Krzysztof Geras is an assistant professor at the NYU School of Medicine. He previously worked as a postdoctoral researcher at the NYU Center for Data Science with Prof. Kyunghyun Cho, Prof. Linda Moy and Prof. Sungheon G. Kim.
His main interests are unsupervised learning with neural networks, model compression, transfer learning and evaluation of machine learning models.
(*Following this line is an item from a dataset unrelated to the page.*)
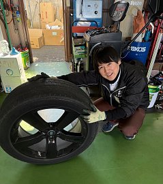 こんにちは! 写真だとわかりづらいと思われますが、 あのでかい志和店長と変わらないくらいの大きさ! 今日は22インチのタイヤ交換させて頂きました! 高インチでもお任せください!

During his PhD studies at the University of Edinburgh Professor Geras was supervised by Dr. Charles Sutton. His PhD was kindly sponsored by SICSA and EPSRC. Prior to studying towards a PhD in Machine Learning, he got my BSc and MSc degrees in Computer Science from the University of Warsaw. He worked on his MSc thesis as a visiting student at the University of Edinburgh under the supervision of Dr. Amos Storkey, his second supervisor was Prof. Andrzej Szałas. His thesis was on Machine Learning Markets. He also did industrial internships in Microsoft Research (Redmond, working with Rich Caruana and Abdel-rahman Mohamed), Amazon (Berlin, Ralf Herbrich’s group), Microsoft (Bellevue) and J.P. Morgan (London).

Academic
program

We allow PhDs to use Tooploox as a playground, to test, create and discover the solutions that will shape our world. We run a one-year program where PhD candidates can join us in our research.